H2O cluster uneven distribution of performance usage

389 Views Asked by At

I set up a cluster with a 4 core (2GHz) and a 16 core (1.8GHz) virtual machine. The creation and connection to the cluster works without problems. But now I want to do some deep learning on the cluster, where I see an uneven distribution for the performance usage of those two virtual machines. The one with 4 cores is always at 100% CPU usage while the 16 core machine is idle most of the time.

Do I have to make additional configuration during the cluster generation? Because it is odd for me that the stronger machine of the two is idle while the weaker one does all the work.

Best regards, Markus

1

There are 1 best solutions below

0
On BEST ANSWER

Two things to keep in mind here.

  1. Your data needs to be large enough to take advantage of data parallelism. In particular, the number of chunks per column needs to be large enough for all the cores to have work to do. See this answer for more details: H2O not working on parallel

  2. H2O-3 assumes your nodes are symmetric. It doesn't try to load balance work across the cluster based on capability of the nodes. Faster nodes will finish their work first and wait idle for the slower nodes to catch up. (You can see this same effect if you have two symmetric nodes but one of them is busy running another process.)

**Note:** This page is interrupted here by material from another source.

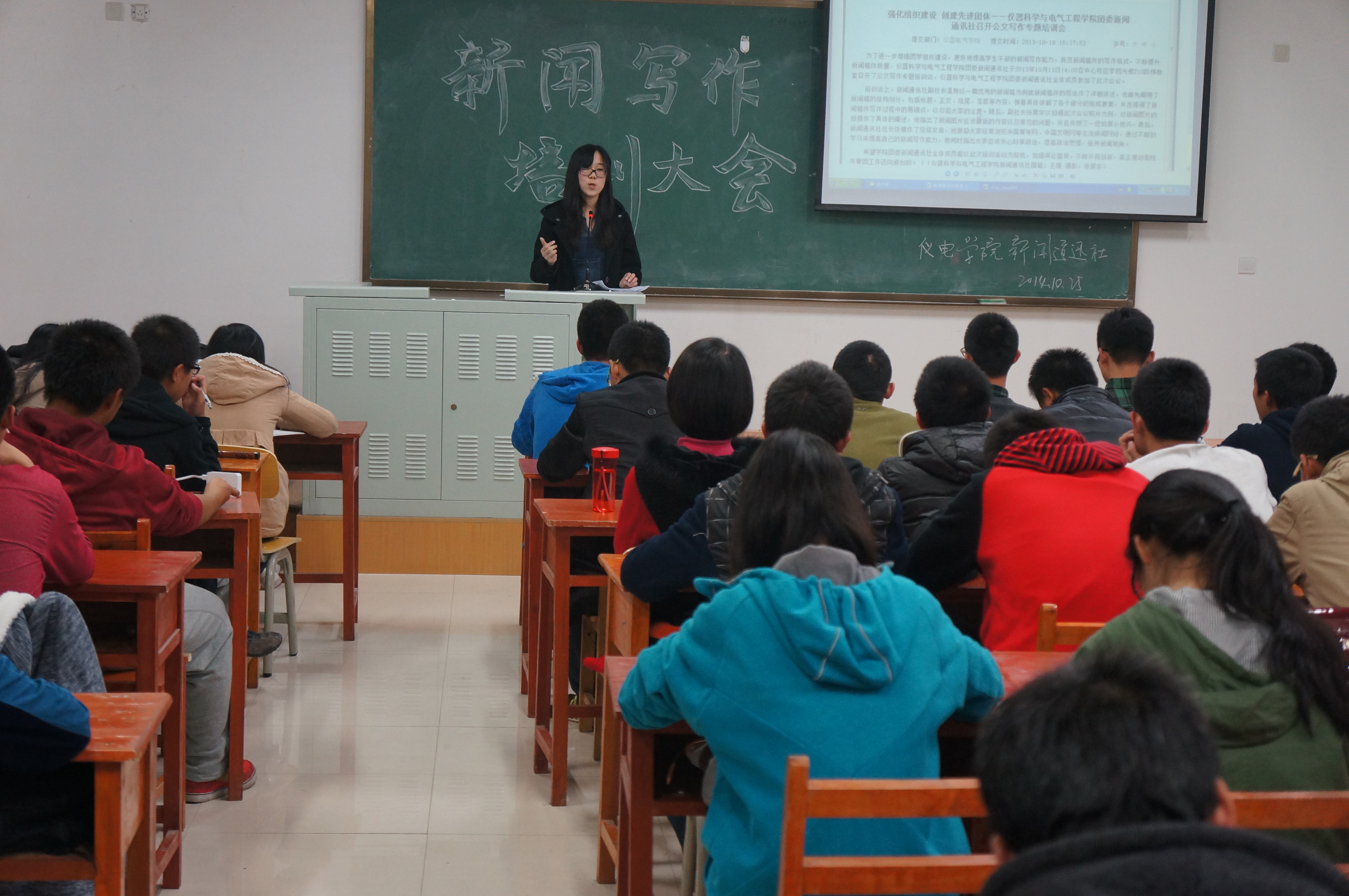 团委新闻通讯社于10月28日晚在中心校区李四光318室开展了新闻写作培训活动,学院团委新闻通讯社以及大一大二学生会全体成员参加了本次培训会。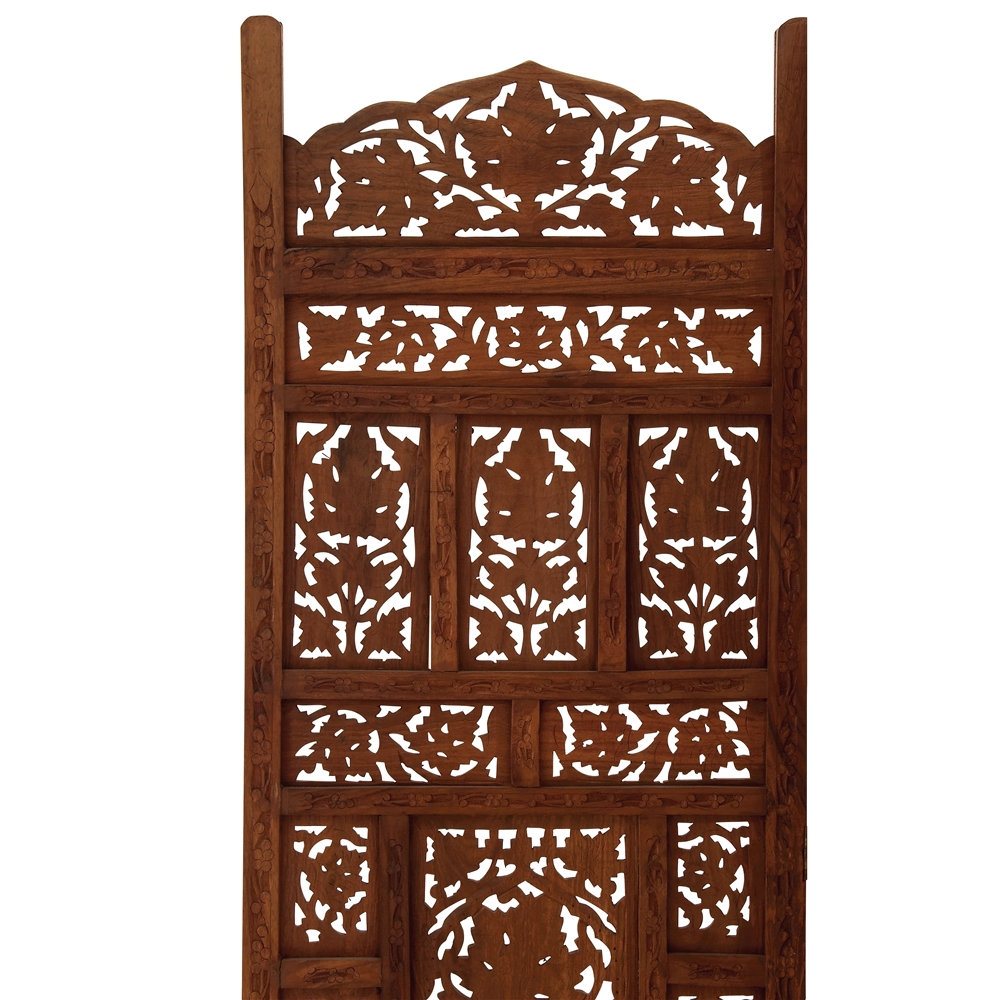 - This divider displays pierced leaf pattern design and features four hinged panels with arched tops and footed base

Asymmetry is a bigger problem for memory (where smaller nodes can run out of memory and fail entirely) than it is for CPU (where some nodes are just waiting around). So always make sure to start each H2O node with the same value of -Xmx.

You can limit the number of cores H2O uses with the -nthreads option. So you can try giving each of your two nodes -nthreads 4 and see if they behave more symmetrically with each using roughly four cores. In the case you describe, that would mean the smaller machine is roughly 100% utilized and the larger machine is roughly 25% utilized. (But since the two machines probably have different chips, the cores are probably not identical and won't balance perfectly, which is OK.)

[I'm ignoring the virtualization aspect completely, but CPU shares could also come into the picture depending on the configuration of your hypervisor.]